[Dataset items]

☆ ☆ ☆

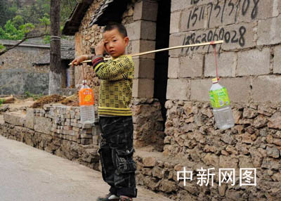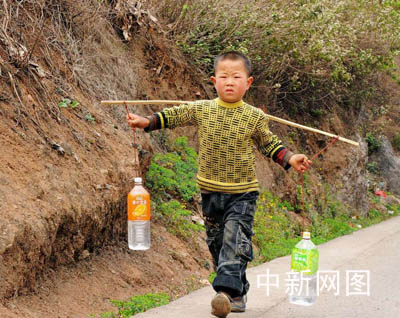 中新網(wǎng)興義3月29日電 (曹多然 章瑩)黔西南旱情目前仍在持續(xù)。3月29日,記者此間在貴州旱區(qū)走訪中發(fā)現(xiàn),當(dāng)?shù)卮迕袢駝?dòng)員,通過(guò)找水、買(mǎi)水等方式積極開(kāi)展自救,取水路上不時(shí)可見(jiàn)稚齡“小水童”的身影。貴州興義市白碗窯鎮(zhèn)柳樹(shù)坪村8歲的劉凱就是其中的一員。
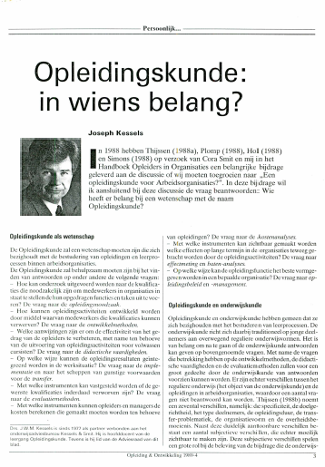In 1988 hebben Thijssen (1988a), Plomp (1988), Hol (1988) en Simons (1988) op verzoek van Cora Smit en Joseph Kessels in het Handboek Opleiders in Organisaties een belangrijke bijdrage geleverd aan de discussie of wij moeten toegroeien naar „Een opleidingskunde voor Arbeidsorganisaties?”. In deze bijdrage in Opleiding en Ontwikkeling sluit Joseph Kessels aan bij deze discussie en beantwoordt de vraag: Wie heeft er belang bij een wetenschap met de naam Opleidingskunde?
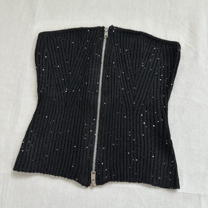 スパンコールとラメのきらめきがかわいいビスチェです。 気分やコーデに合わせてダブルジップの上げ下げを調整でき、トレンド感もばっちりです。 <商品情報> 商品名:スパンコールラメダブルジップニットビスチェ サイズ:FREE カラー:ブラック 品番:dh1318 価格:¥500(税込)
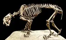 Skelet van een sabeltandtijger (Smilodon).
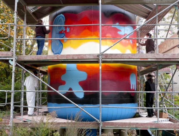 Weil am Rhein. Feuer und Flamme waren Neunt- und Zehntklässlerinnen der Gemeinschaftsschule an einem Samstagvormittag, als sie den Pufferspeicher in der Nähe des Friedlinger Kesselhauses künstlerisch gestaltet…
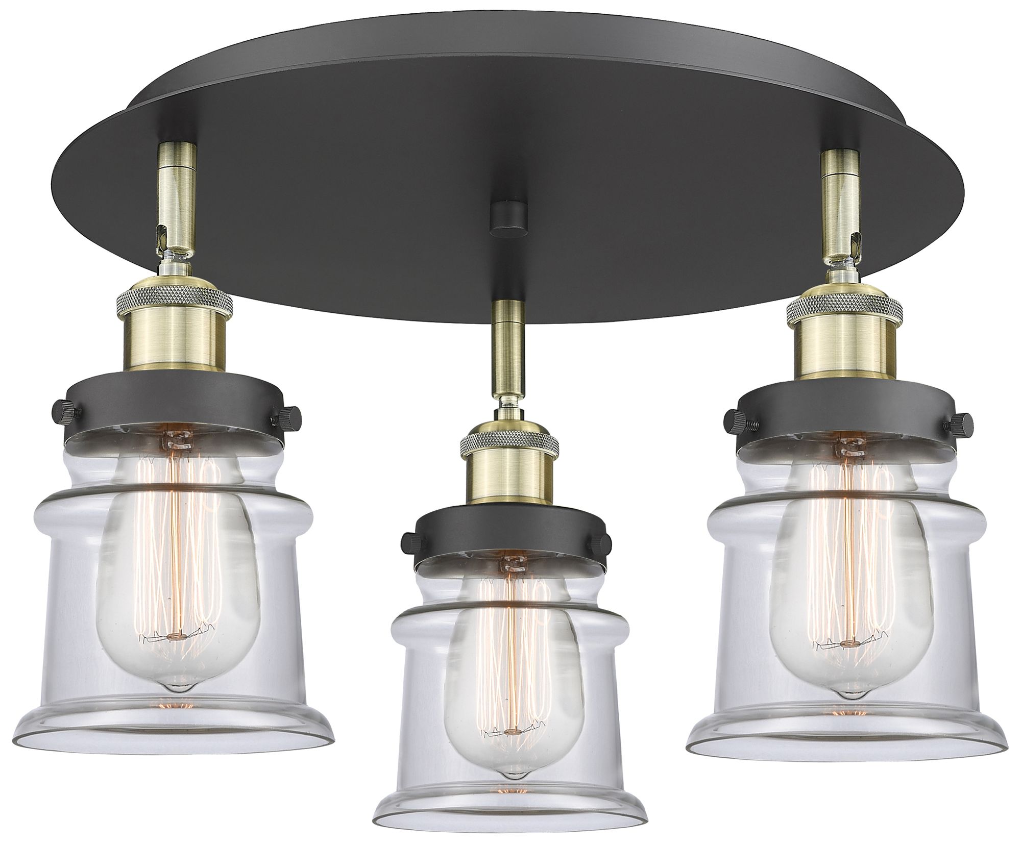 Canton 17"W 3 Light Black Antique Brass Flush Mount With Clear Glass S
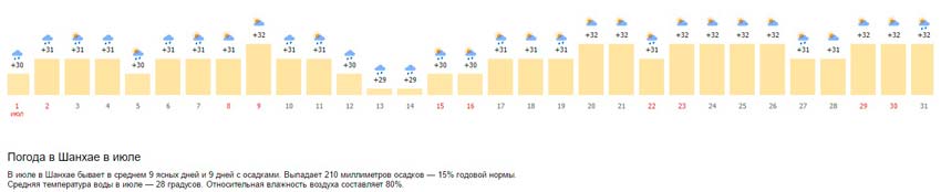 Погода в Шанхае в июле
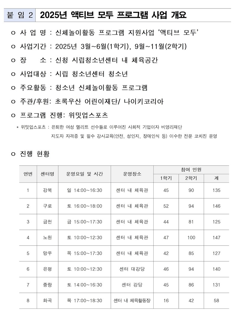 서울시는 초록우산 어린이재단과 나이키코리아의 인력 및 장비 지원을 바탕으로 신체 놀이활동 프로그램 ‘액티브 모두’를 운영하며, 공간 조성과 연계한 프로그램 운영 체계를 함께 구축했다. 지난해에는 8개 시립청소년센터(강북, 구로, 금천, 노원, 망우, 은평, 중랑, 화곡)에서 총 1,009명의 아동·청소년이 참여해 놀이 중심 활동과 여학생 특화 구기종목 프로그램 등을 운영했다.
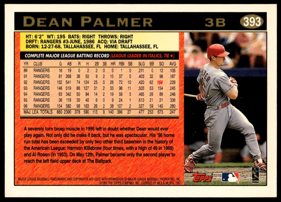 This BaseballΒ card, from 1997 is part of the Topps Series 2Β card set. Dean Palmer is featured and has a card number of 393.
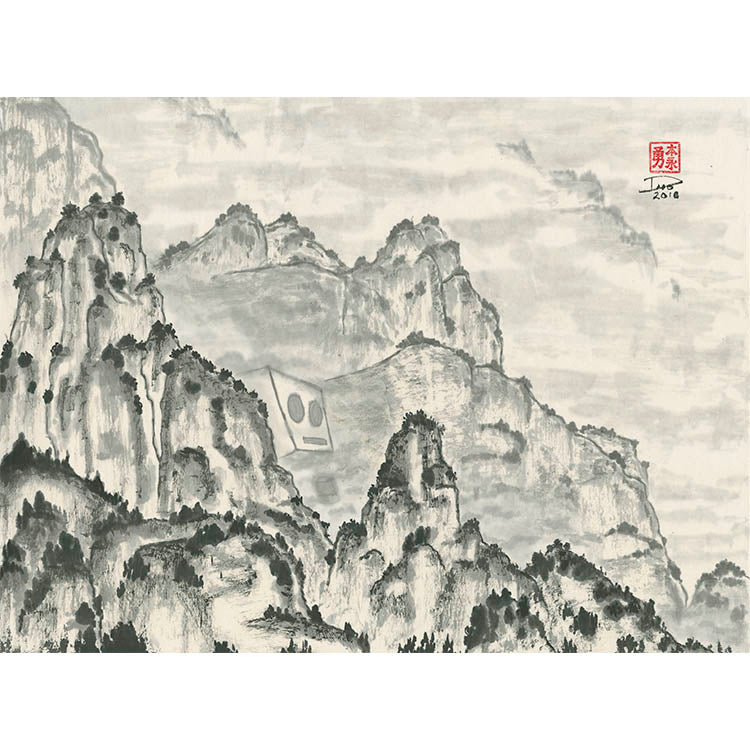 "I love the sumi-e ink style of a landscape with the random geometric shape of a robot plunked in the middle of it. Quirky and beautiful! Prompt shipping and well-packaged. Recommended!"
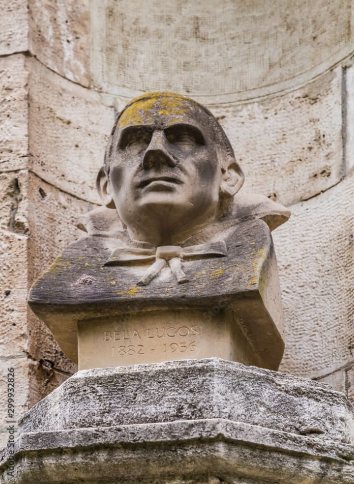 A bust of Bela Lugosi, a Hungarian-American actor popular for portraying Count Dracula
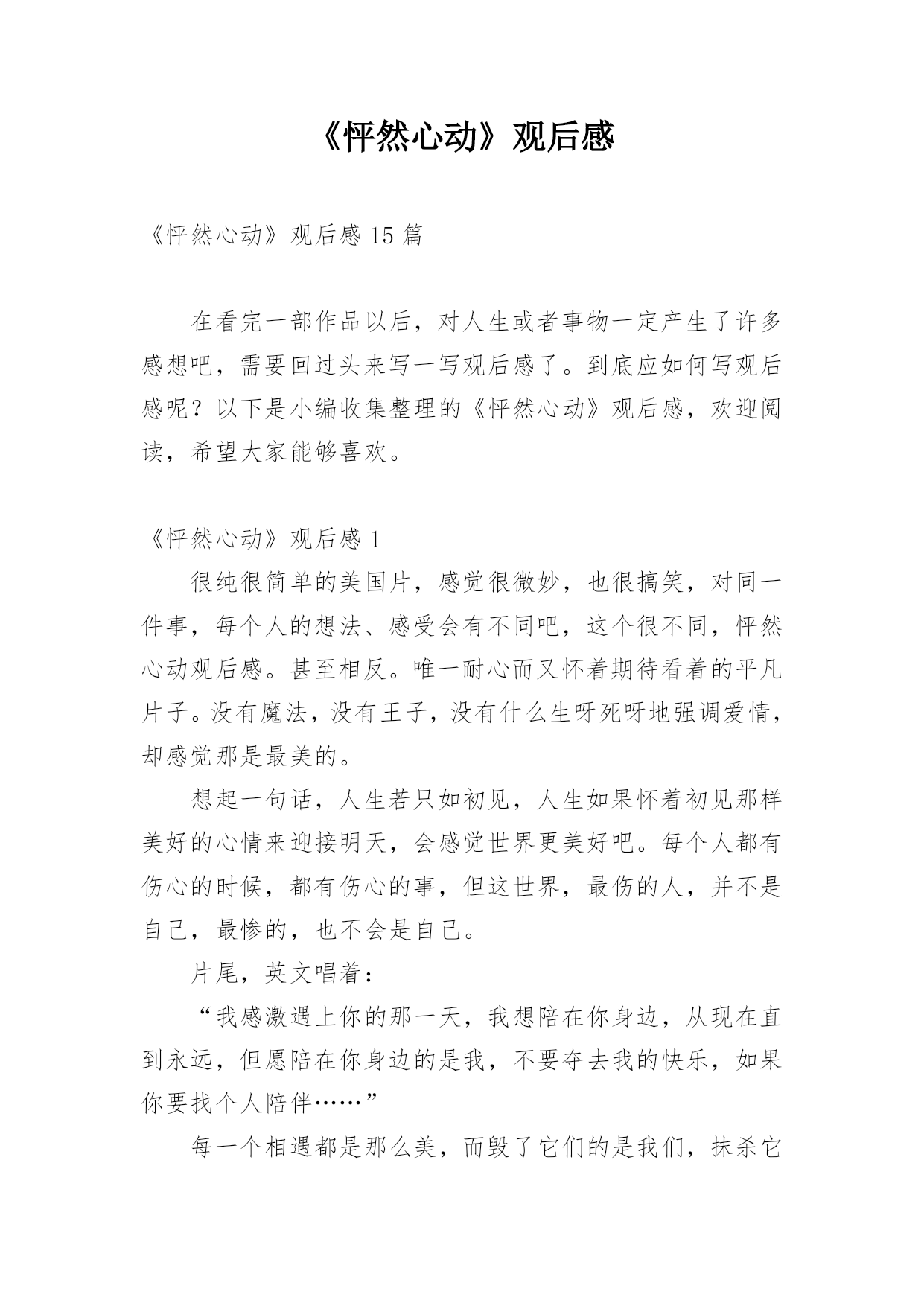 《怦然心动》观后感《怦然心动》观后感15篇在看完一部作品以后,对人生或者事物一定产生了许多感想吧,需要回过头来写一写观后感了。到底应如何写观后感呢?以下是小编收集整理的《怦然心动》观后感,欢迎阅读,希望大家能够喜欢。《怦然心动》观后感1很纯很简单的美国片,感觉很微妙,也很搞笑,对同一件事,每个人的想法、感受会有不同吧,这个很不同,怦然心动观后感。甚至相反。唯一耐心而又怀着期待看着的平凡片子。没有魔法,没有王子,没有什么生呀死呀地强调爱情,却感觉那是最美的。想起一句话,人生若只如初见,人生如果怀着初见那样美

☆ ☆ ☆

WORK INSTRUCTION => Quote the lines above exactly, starting with the one that has "In 1988 hebben" and ending with the one that has "Skelet van een sabeltandtijger (Smilodon)."; drop the pictures and include nothing else.

RESULT =>
In 1988 hebben Thijssen (1988a), Plomp (1988), Hol (1988) en Simons (1988) op verzoek van Cora Smit en Joseph Kessels in het Handboek Opleiders in Organisaties een belangrijke bijdrage geleverd aan de discussie of wij moeten toegroeien naar „Een opleidingskunde voor Arbeidsorganisaties?”. In deze bijdrage in Opleiding en Ontwikkeling sluit Joseph Kessels aan bij deze discussie en beantwoordt de vraag: Wie heeft er belang bij een wetenschap met de naam Opleidingskunde?
 スパンコールとラメのきらめきがかわいいビスチェです。 気分やコーデに合わせてダブルジップの上げ下げを調整でき、トレンド感もばっちりです。 <商品情報> 商品名:スパンコールラメダブルジップニットビスチェ サイズ:FREE カラー:ブラック 品番:dh1318 価格:¥500(税込)
 Skelet van een sabeltandtijger (Smilodon).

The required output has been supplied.